What the task asks:
In duplicating the lines below, keep every word unchanged and drop the pictures.

[Collected data]

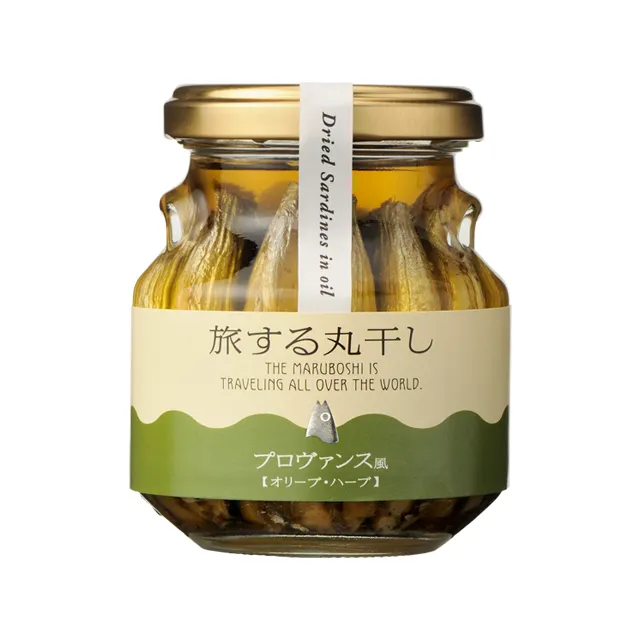 老舗の干物屋がたくさん残っている全国でも珍しい町、鹿児島県阿久根市。 この港町で漁師たちが朝方4時から6時に獲ってくる「ウルメイワシ」は、おなかの中にエサが残っていないので苦みが少なく、食べやすい干物になります。 お酒のアテのイメージが強い丸干しですが、時代の流れと共にライフスタイルも変わり、今では食卓で丸干しを見ることは随分なくなりました。 それでも「丸干しの良さを守りたい」と、朝どれの美味しい丸干しを世界の国々の味をイメージしたオイルに漬けました。 南イタリア、プロヴァンス、マドラス、阿久根…まるで日本の丸干しが世界をわたり歩いているような風味が丸干しの旨味と共に口の中に広がります。 創業昭和14年の下園薩男商店が提案する干物の新しい形です。 製造は手作業。じっくりと干され旨みが凝縮した丸干しは、より食べやすく頭としっぽを切り、一尾一尾製造スタッフが丁寧に瓶の中に詰めていきます。少しでも力の加減を間違えるとほろりと崩れてしまう丸干しを傷つけることなく、隙間なく瓶に整然と詰めていくのは一朝一夕でできることではありません。美味しい丸干しをより多くの人に知って食べてもらい、手に取ってくれるお客様の豊かな生活の一つに加われたら。そんな想いと共に丁寧に一尾ずつ詰めています。 ~プロヴァンス風~ タイム、セージ、フェンネルなど、プロヴァンス地方でよく使われるようなハーブをブレンドしたエルブドプロヴァンス。そのハーブとブラックオリーブをオイルに入れて煮詰めました。爽やかな香りで丸干しがすっきりとした味わいになります。 白ワインにも合うおいしさで、ニース風のサラダにぴったりです。丸干しにオリーブを添えてお召し上がりください。 時間を問わず、メインにも軽食にもおつまみにも。 風味豊かなオイルは、オイルパスタやドレッシング、ソースなどに使っても美味しく召し上がれます。 ※写真は盛り付けイメージです。丸干し以外の食材は販売物に含まれません。 ~活用レシピ~ ●丸干しのニース風サラダ 旅する丸干しのオイル小さじ2、酢小さじ1、塩ひとつまみを混ぜ、ドレッシングを作り、くし切りのゆで卵、トマト、ブラックオリーブ、ゆでたジャガイモ、レタス等のサラダに丸干しを皿に盛り、ドレッシングをかけて完成です。冷えた白ワインやロゼと一緒にどうぞ。 ●旅するカナッペ クリームチーズと丸干し、オイルをフードプロセッサーにかけ、フランスパンに塗ります。丸干しとハーブをトッピングして完成です。 ●丸干しのバーニャカウダ 旅する丸干しのオイル大さじ1とマヨネーズ大さじ1を混ぜ、アスパラガスやパプリカ等、お好みの野菜をつけてお召し上がりください。市販のバーニャカウダソースと丸干しをフードプロセッサーにかけても美味しいソースが完成します。
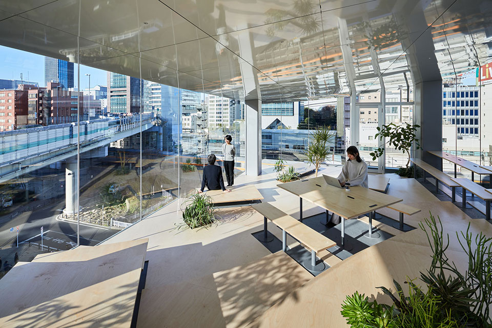 Không gian Lounge ở tầng 6 đã được dành làm “ruộng bậc thang” mở hướng view về phía sông Kanda
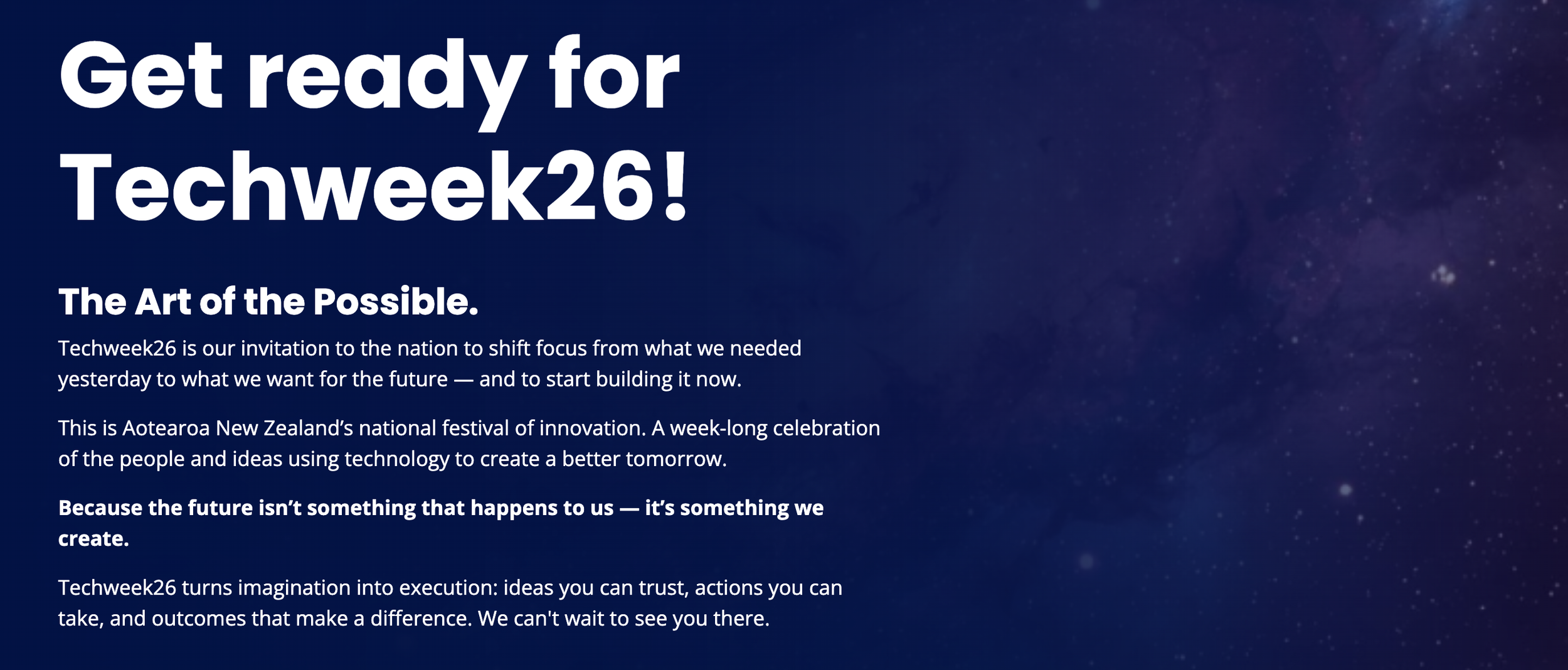 Techweek usually runs in May (18th - 24th in 2026) and showcases the best of innovation, entrepreneurship and creativity across Aotearoa.
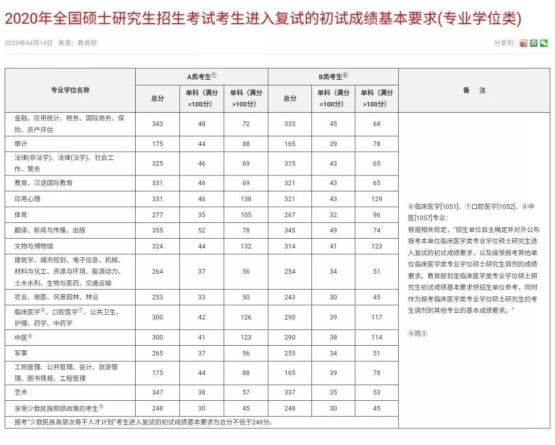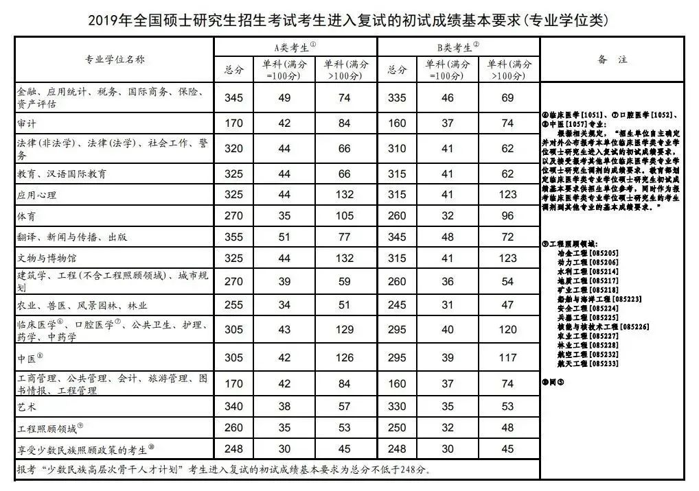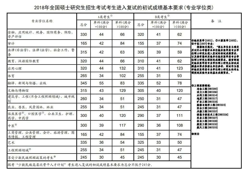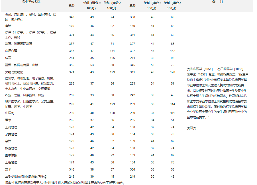 全国硕士研究生招生考试考生进入复试的初试成绩基本要求(专业学位类)(2017-2021年)
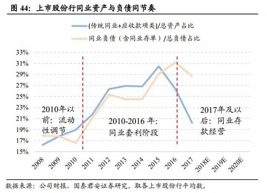 大力扩张主动负债阶段:2010年-2016年,处于上述第二三阶段的同业套利阶段,银行大力扩张主动负债。从图33中可看出,上市股份行同业负债(含同业存单)占比持续提升,挤压存款占比。无论是前述的类信贷或同业间投资模式,由于同业资产端扩张迅速、负债端的存款增速跟不上,因此主动同业负债在2010-2016年主要对接和配合同业资产而同步扩张。
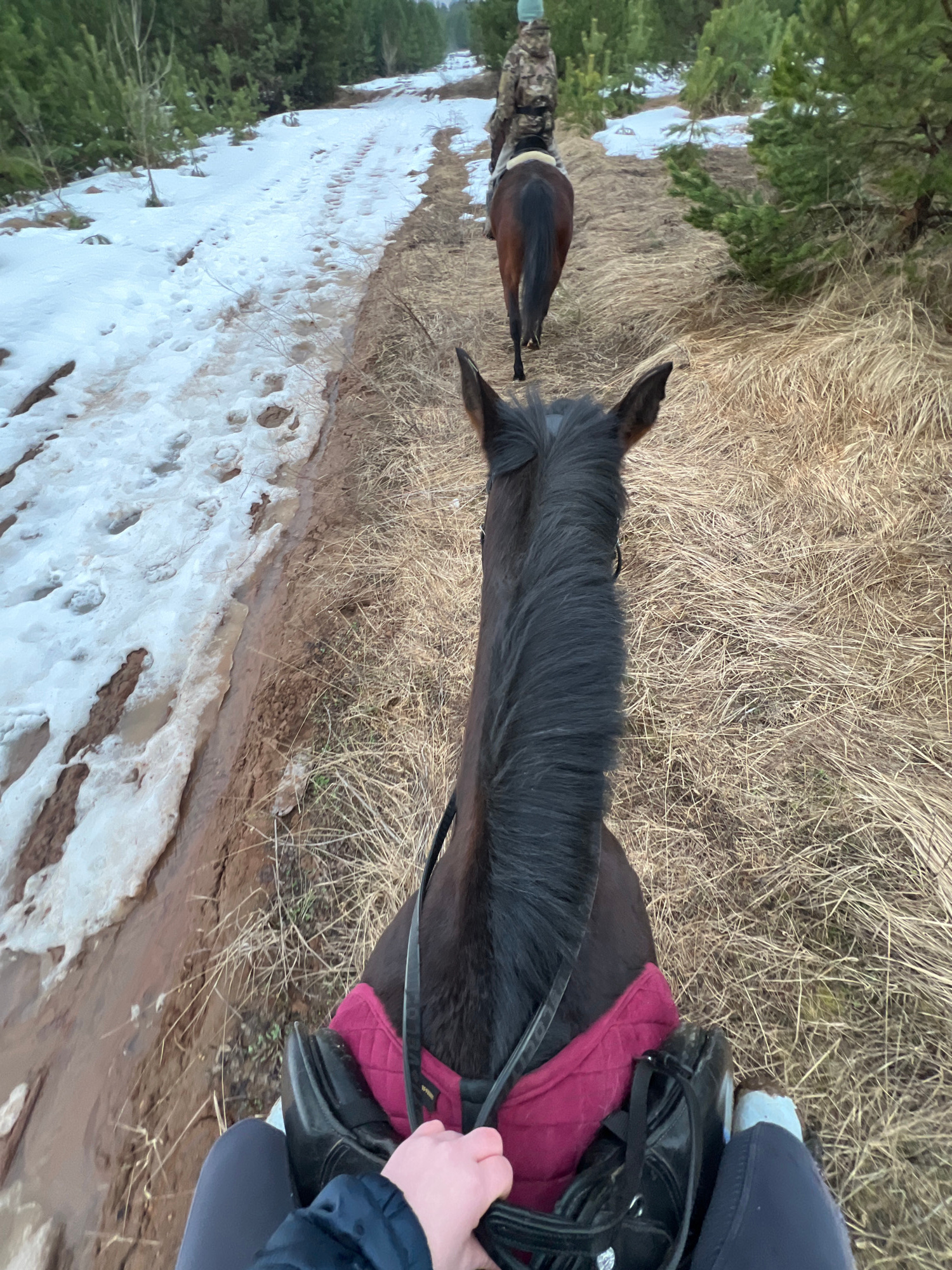 From an elevated perspective, the image shows two horses on a trail in a snowy, partially thawed environment. The primary subject is a dark-colored horse, viewed from behind the rider, with a black ma…read more

Exercise result:
 老舗の干物屋がたくさん残っている全国でも珍しい町、鹿児島県阿久根市。 この港町で漁師たちが朝方4時から6時に獲ってくる「ウルメイワシ」は、おなかの中にエサが残っていないので苦みが少なく、食べやすい干物になります。 お酒のアテのイメージが強い丸干しですが、時代の流れと共にライフスタイルも変わり、今では食卓で丸干しを見ることは随分なくなりました。 それでも「丸干しの良さを守りたい」と、朝どれの美味しい丸干しを世界の国々の味をイメージしたオイルに漬けました。 南イタリア、プロヴァンス、マドラス、阿久根…まるで日本の丸干しが世界をわたり歩いているような風味が丸干しの旨味と共に口の中に広がります。 創業昭和14年の下園薩男商店が提案する干物の新しい形です。 製造は手作業。じっくりと干され旨みが凝縮した丸干しは、より食べやすく頭としっぽを切り、一尾一尾製造スタッフが丁寧に瓶の中に詰めていきます。少しでも力の加減を間違えるとほろりと崩れてしまう丸干しを傷つけることなく、隙間なく瓶に整然と詰めていくのは一朝一夕でできることではありません。美味しい丸干しをより多くの人に知って食べてもらい、手に取ってくれるお客様の豊かな生活の一つに加われたら。そんな想いと共に丁寧に一尾ずつ詰めています。 ~プロヴァンス風~ タイム、セージ、フェンネルなど、プロヴァンス地方でよく使われるようなハーブをブレンドしたエルブドプロヴァンス。そのハーブとブラックオリーブをオイルに入れて煮詰めました。爽やかな香りで丸干しがすっきりとした味わいになります。 白ワインにも合うおいしさで、ニース風のサラダにぴったりです。丸干しにオリーブを添えてお召し上がりください。 時間を問わず、メインにも軽食にもおつまみにも。 風味豊かなオイルは、オイルパスタやドレッシング、ソースなどに使っても美味しく召し上がれます。 ※写真は盛り付けイメージです。丸干し以外の食材は販売物に含まれません。 ~活用レシピ~ ●丸干しのニース風サラダ 旅する丸干しのオイル小さじ2、酢小さじ1、塩ひとつまみを混ぜ、ドレッシングを作り、くし切りのゆで卵、トマト、ブラックオリーブ、ゆでたジャガイモ、レタス等のサラダに丸干しを皿に盛り、ドレッシングをかけて完成です。冷えた白ワインやロゼと一緒にどうぞ。 ●旅するカナッペ クリームチーズと丸干し、オイルをフードプロセッサーにかけ、フランスパンに塗ります。丸干しとハーブをトッピングして完成です。 ●丸干しのバーニャカウダ 旅する丸干しのオイル大さじ1とマヨネーズ大さじ1を混ぜ、アスパラガスやパプリカ等、お好みの野菜をつけてお召し上がりください。市販のバーニャカウダソースと丸干しをフードプロセッサーにかけても美味しいソースが完成します。
 Không gian Lounge ở tầng 6 đã được dành làm “ruộng bậc thang” mở hướng view về phía sông Kanda
 Techweek usually runs in May (18th - 24th in 2026) and showcases the best of innovation, entrepreneurship and creativity across Aotearoa.
 全国硕士研究生招生考试考生进入复试的初试成绩基本要求(专业学位类)(2017-2021年)
 大力扩张主动负债阶段:2010年-2016年,处于上述第二三阶段的同业套利阶段,银行大力扩张主动负债。从图33中可看出,上市股份行同业负债(含同业存单)占比持续提升,挤压存款占比。无论是前述的类信贷或同业间投资模式,由于同业资产端扩张迅速、负债端的存款增速跟不上,因此主动同业负债在2010-2016年主要对接和配合同业资产而同步扩张。
 From an elevated perspective, the image shows two horses on a trail in a snowy, partially thawed environment. The primary subject is a dark-colored horse, viewed from behind the rider, with a black ma…read more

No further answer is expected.